What happens if the parent who has custody dies? Custody would generally revert to the other parent. If that parent would not be an appropriate caretaker a third party could intervene on behalf of the child.
Can a parent be denied visitation rights after a divorce? Yes, but only under extremely limited circumstances. In general, it is presumed that it is in a child's best interests to have contact with both parents. It is only if the parent (or the parent's behavior) is a threat to the child in some manner that visitation will be denied. For example, if it is demonstrated that the parent abused the children in some way, a judge may determine that it is best not to permit the parent and children to be alone together. The person seeking to prevent visitation will have a very heavy burden to prove that circumstances justify a total denial of contact.
An alternative to no visitation is supervised visitation, where the parent sees the children in the presence of a third party who will be able to prevent any harmful action. The person who supervises can be a family member, close friend, counselor, or clergyman. Some communities have court-supervised visitation programs, in which a government worker or volunteer oversees the visit.
Can an ex-spouse who has custody move with the children to another state? Not unless the court gives permission or the ex-spouse consents. The rules vary from state to state, and you should consult an attorney to find out what your local laws are. The obvious problem with moving out of state with the children is that it will usually interfere with your former spouse's visitation with the children. (A parent who does not have physical custody can move anywhere he or she wants.)
You will be asked about the reasons for your move. The questions might include: What impact will the move have on the children?
Will you find opportunities there that are unavailable here?
How far away are you moving?
What will the impact be on your former spouse's visitation rights?
Are you doing this just to thwart your spouse's visitation?
Everything depends upon the specific circumstances of your case, as well as the law in your state. It may be, for instance, that by moving out of state, you only add a few minutes or a half an hour onto the drive, and the visitation times can be adjusted to account for that time.
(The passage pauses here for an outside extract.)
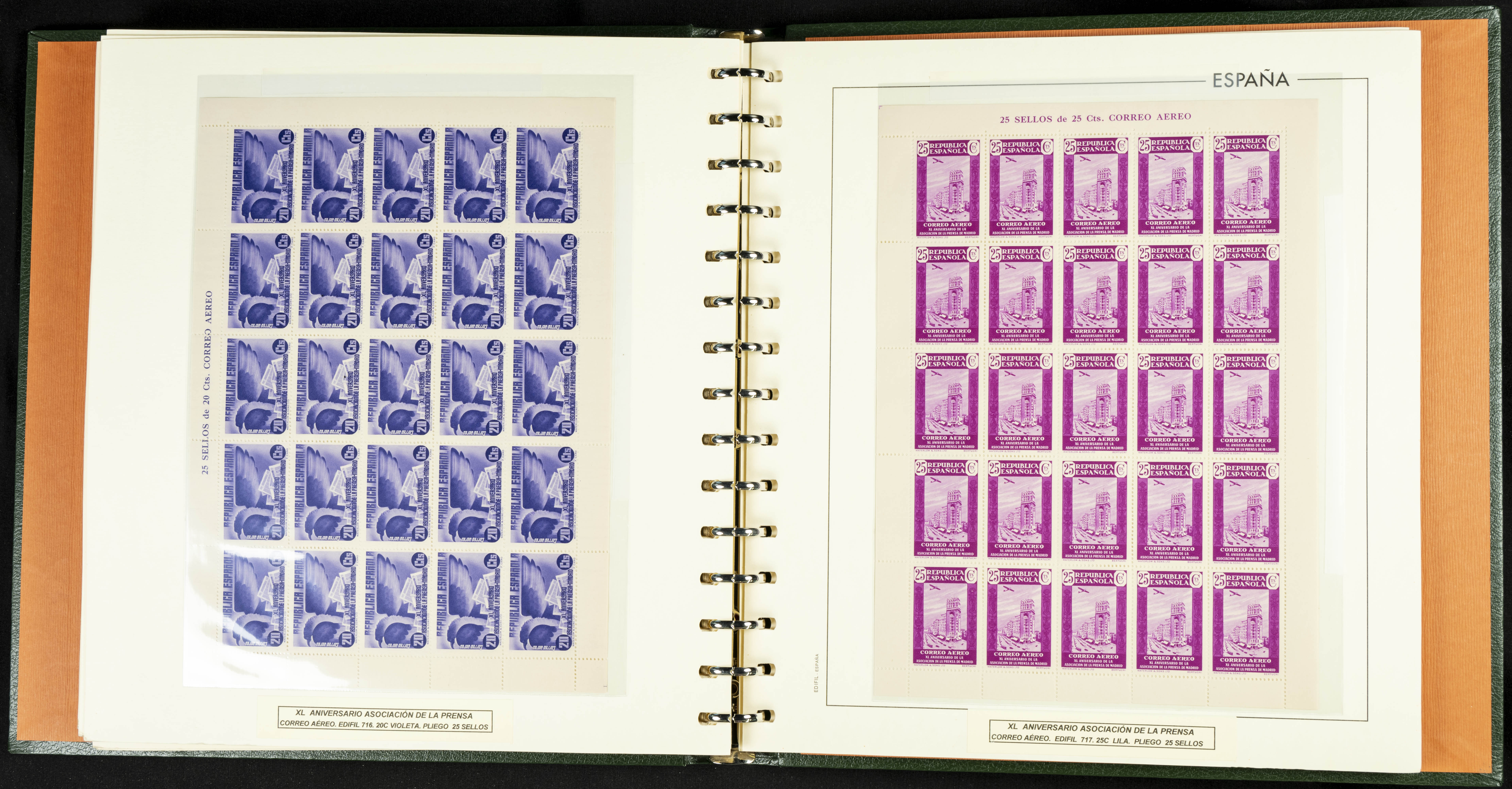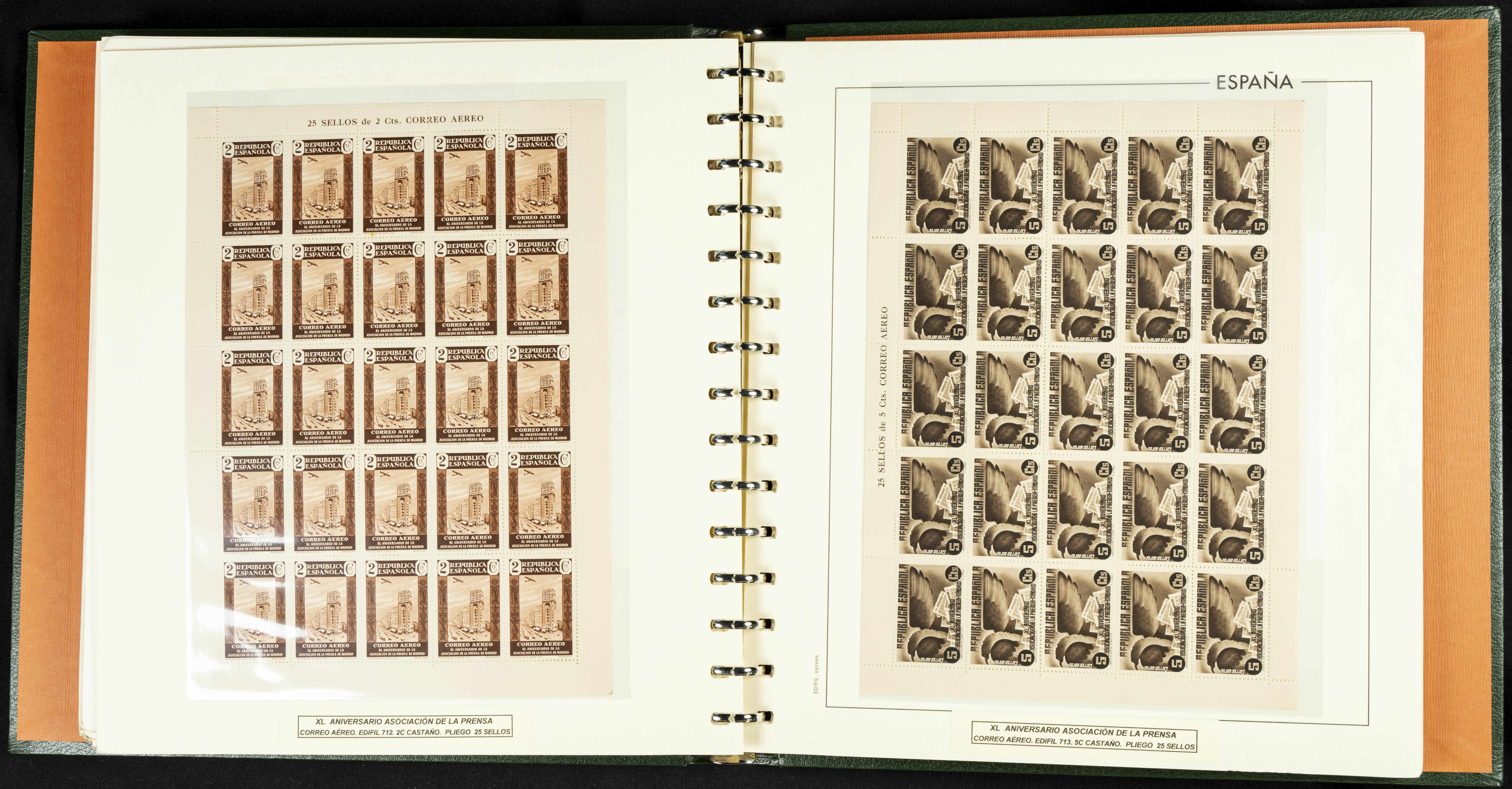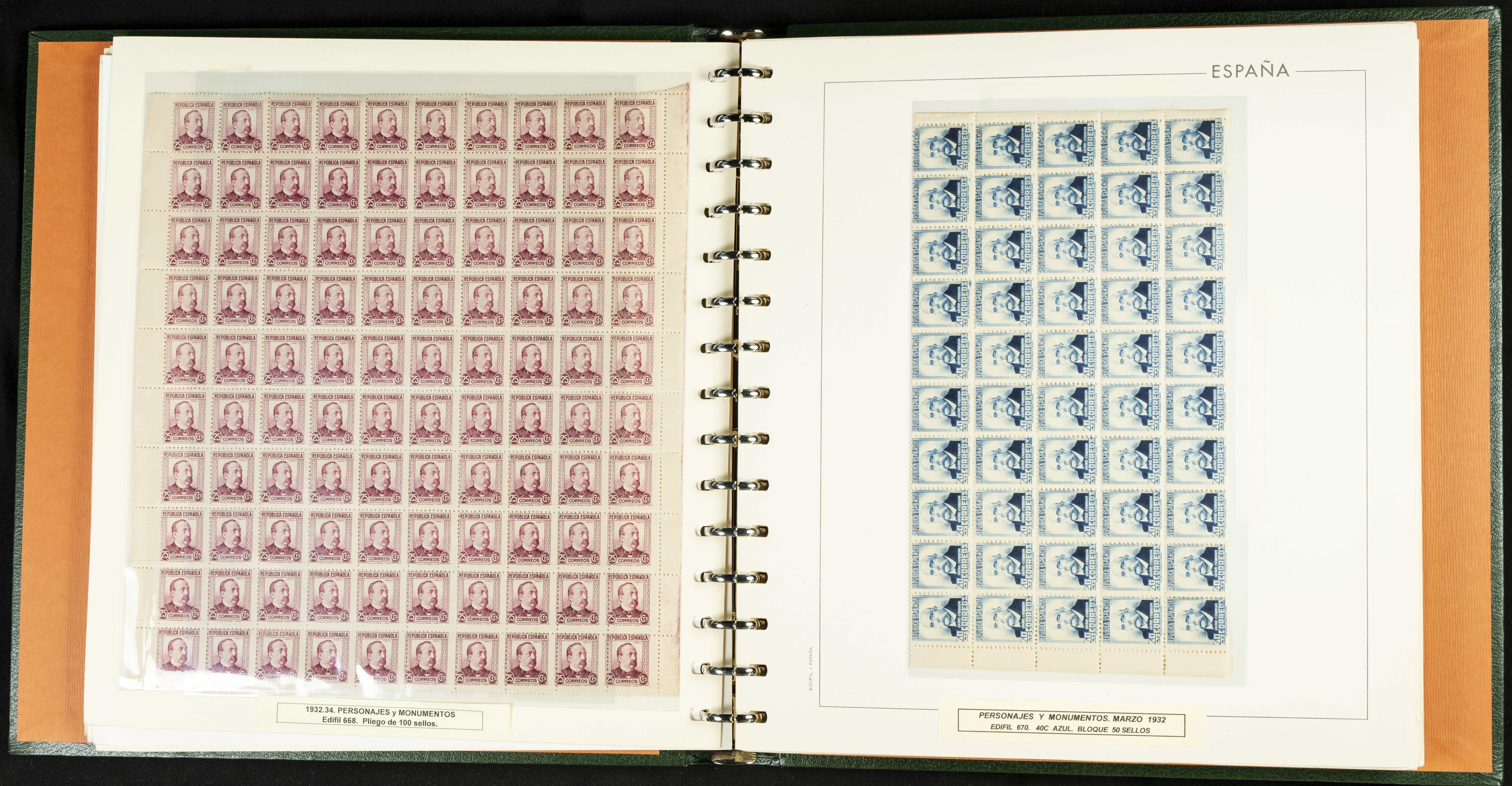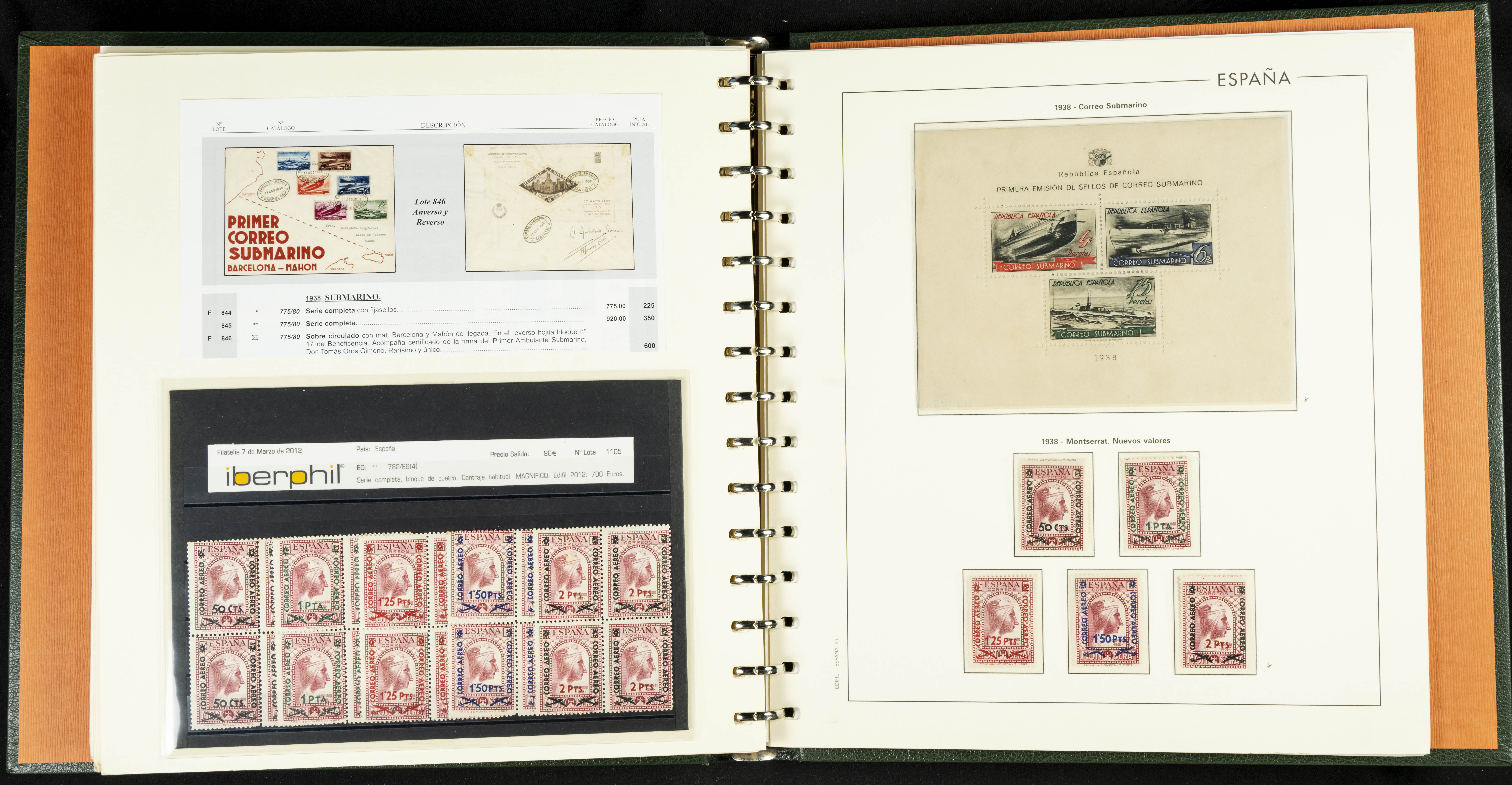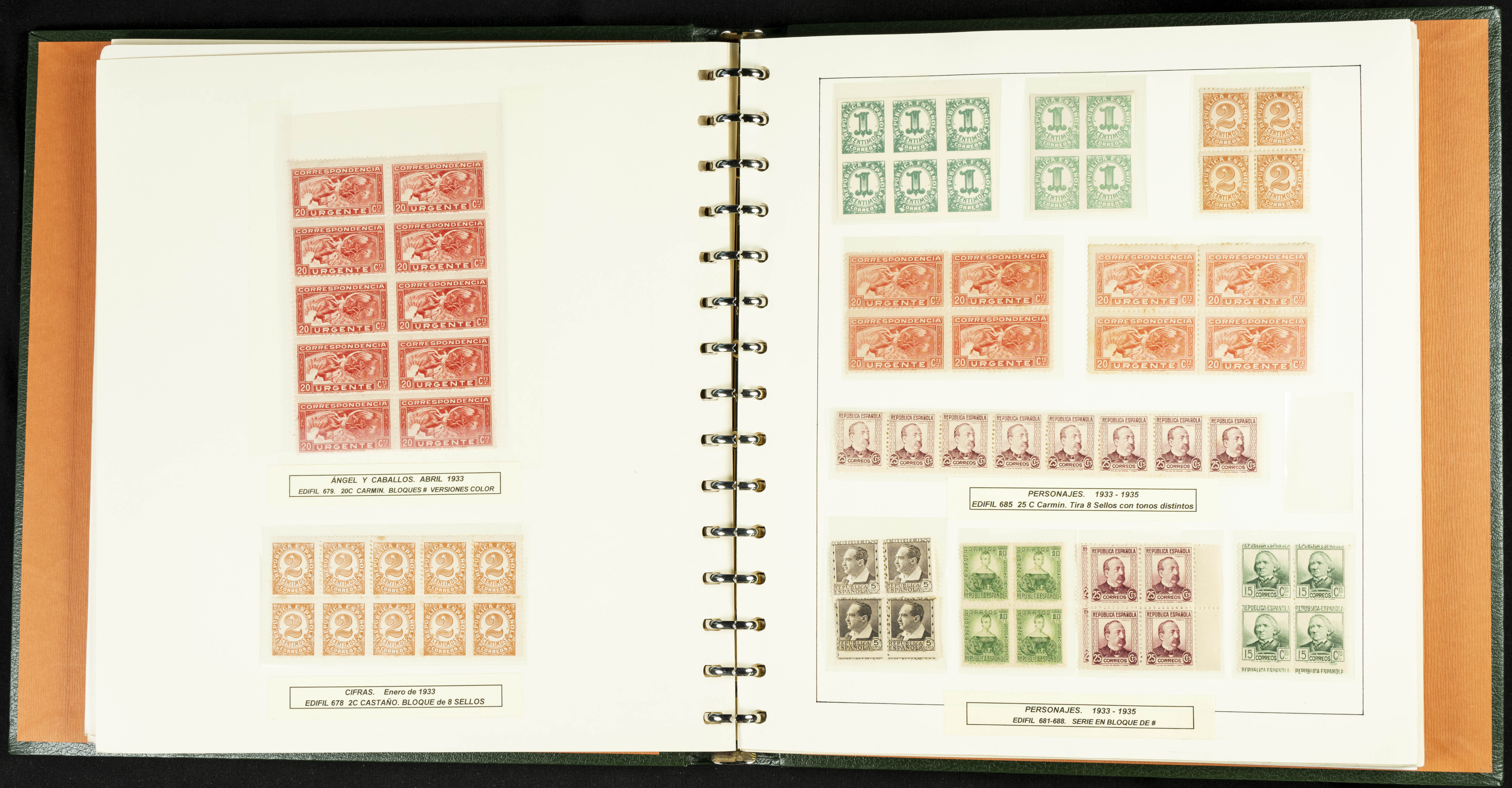 ★(1931ca). Interesante colección de República Española entre 1931 y 1939, en nuevo e incluyendo numerosos pliegos completos y grandes bloques, variedades sin dentar o dentado desplazado, cartas y algunos sellos no emitidos, destacando Montserrat, ExpoMadrid, hoja bloque Constitución USA Aéreo+5 pts, Submarino (aéreo y hoja bloque), Milicias, etc. ALTISIMO VALOR DE CATALOGO. IMPRESCINDIBLE EXAMINAR.

Or, if you have enough money and an airport is convenient to both of you, your ex-spouse may agree to see the children for several longer visitations each year instead of every other weekend.
If you move without the consent of your former spouse or court permission, you may be arrested for kidnapping, so you really should consult an attorney if this problem arises for you.
Note: While you may be restricted from moving even one mile if it means you'll cross state lines, there are no limitations on your freedom to move within the same state--even if it's 200 miles away, unless your divorce agreement specifically restricts your ability to move.
Does a grandparent have the right to visit the children after a divorce? In general, no one other than the child's biological or adoptive parents and, in some states, siblings, have an automatic right to visit. Grandparents and other relatives may see the child when the custodial parent permits it, or when the non-custodial parent has visitation. Many states provide for grandparent visitation if it is demonstrated that such visitation would be in a child's best interests.
As with all issues in a divorce, the parties involved may agree to whatever terms and provisions they want. Thus, if you and your spouse want to allow grandparents to visit, you can negotiate to include such a provision in your divorce settlement.
Do step-parents have a right to visit? Not usually, unless it is demonstrated that visitations would be in the best interests of a child. This is especially true when a step-parent has assumed the role of parent. And again, you and your spouse could agree to include a visitation arrangement in your divorce settlement.